雪のように白く冷たい病室に、嘆く声と涙。それを見ていたら、何故か自然と私を体前へ進めさした。
地球規模で変わらないのは確かだけど、私の心に生まれた想いは何だろうか?
現すように、視界を滲ますこの涙は何だろうか? 三人の姿を見ていると……。
神様なんて曖昧なモノは信じていない。現実で実際に生きているのは私だもの。
だから、横たわる私の顔に手を触れ言う。
「確かに十分な人生かもしれない。でも私は……綾として家族でいたい、妹でいたい。この人達の側で一緒に生きたいの!」
“お願い私を戻して!”
まだ生きたいと感じている。まだ見ていない世界、景色や人もいる。私はこの先の人生も見たいと思う。
この家族と共に。
擦り抜ける手が顔の頬を貫いた瞬間、暖かい光が指先から伝わった。
一瞬にして私を包み、眩しくて目を瞑った。視界の世界は白、妙な機械音が耳につく。
気のせいか体が重くて痛い。何が起こったと思えば、知った声が聞こえて、霞む視界の先には顔が覗かせている。
母親は相変わらず泣き崩れていた。
父親は安堵の笑みを浮かべ、兄は照れ臭いのか涙を拭き隠している。
“そうか……生き返れたのか……”
安堵感から再び目を閉じ、私は眠りにつく。耳元では、三人の涙声が、いつまでも心地良く聞えていた。
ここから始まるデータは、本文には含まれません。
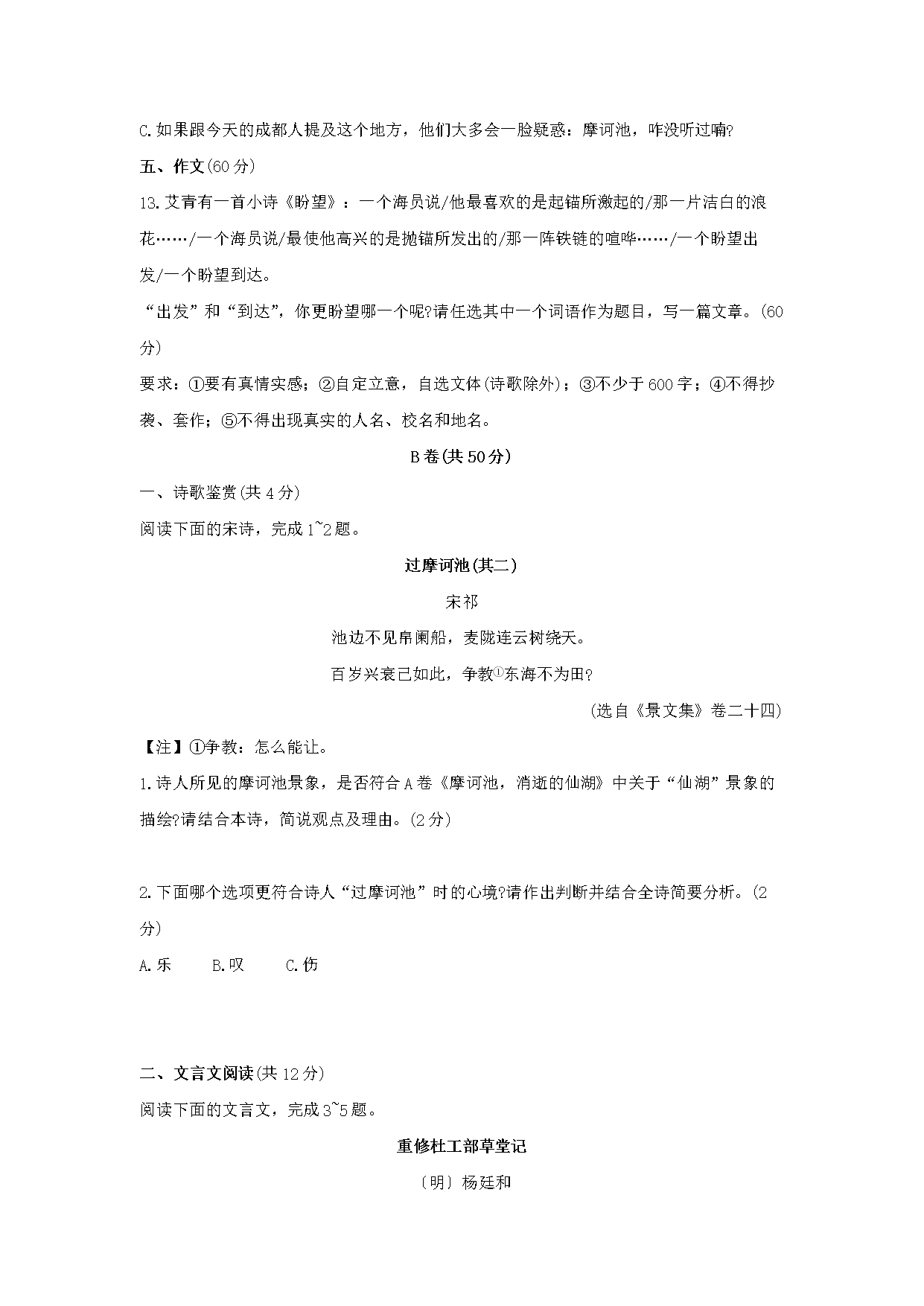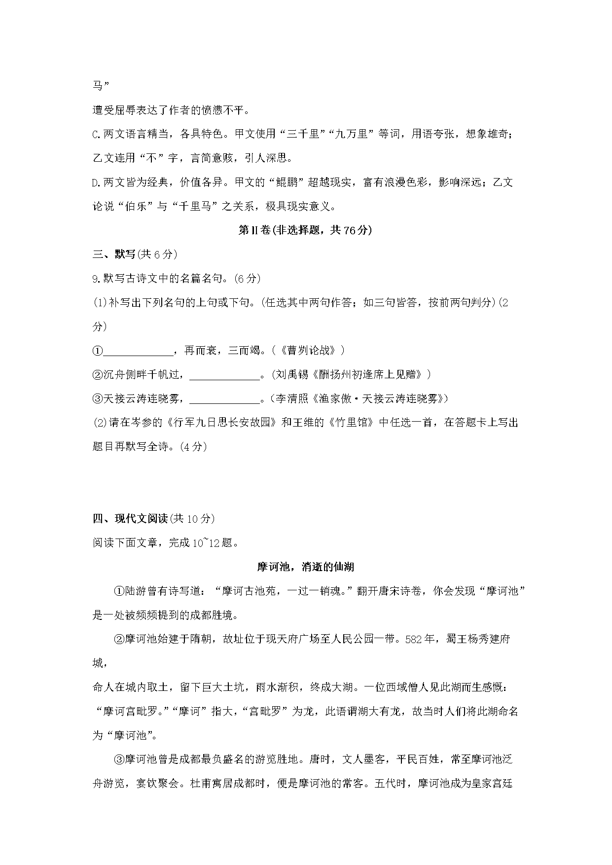 【文档名称】 2020年四川成都中考语文真题及答案(Word版).doc

その後、私は療養をして病院を退院した。聞けば外傷も酷くなく、頭を打っていたが、異常があるわけではないとの事。
意識が何故か戻らないとの事だった。打ち方が良かったためか、昔聞いた人間の持つ馬鹿力のせいか。
普段人間は本来の力を何%も出せていない。そんな話しを思い出していた。
見上げる空は青い。 綿菓子の白が一緒に気ままに流れて行く。届かない程深くて高い。
地球を包み込み、優しく厳しく表情変え見守っている。
自転車に跨り、ペダルを踏みしめて私は爽快な空の下をこぐ。
風の匂いを感じ、陽射しを浴び、新たな沢山の気付きに出会うために。
“私という人生を歩む”
「綾ちゃん!」
あの日、約束より一時間過ぎても待ち続けた春菜。陽射しの加減か眩しく見える。
可愛くまとめた艶ある黒髪を見せて、優しく微笑む。病院を退院した後日、再び会う約束を報告も兼ねてしていた。
「ごめんね、待った?」
「大丈夫だから!」
更に笑顔が増す。
春菜を自転車の後ろに乗せ、今日は大きい公園へ旅をする。
彩る会話が私の背から聞えてくる。警察官には気をつけながら、空の下を元気な二人が行く。
笑顔と笑い声が溢れ出して、街に色を増やす。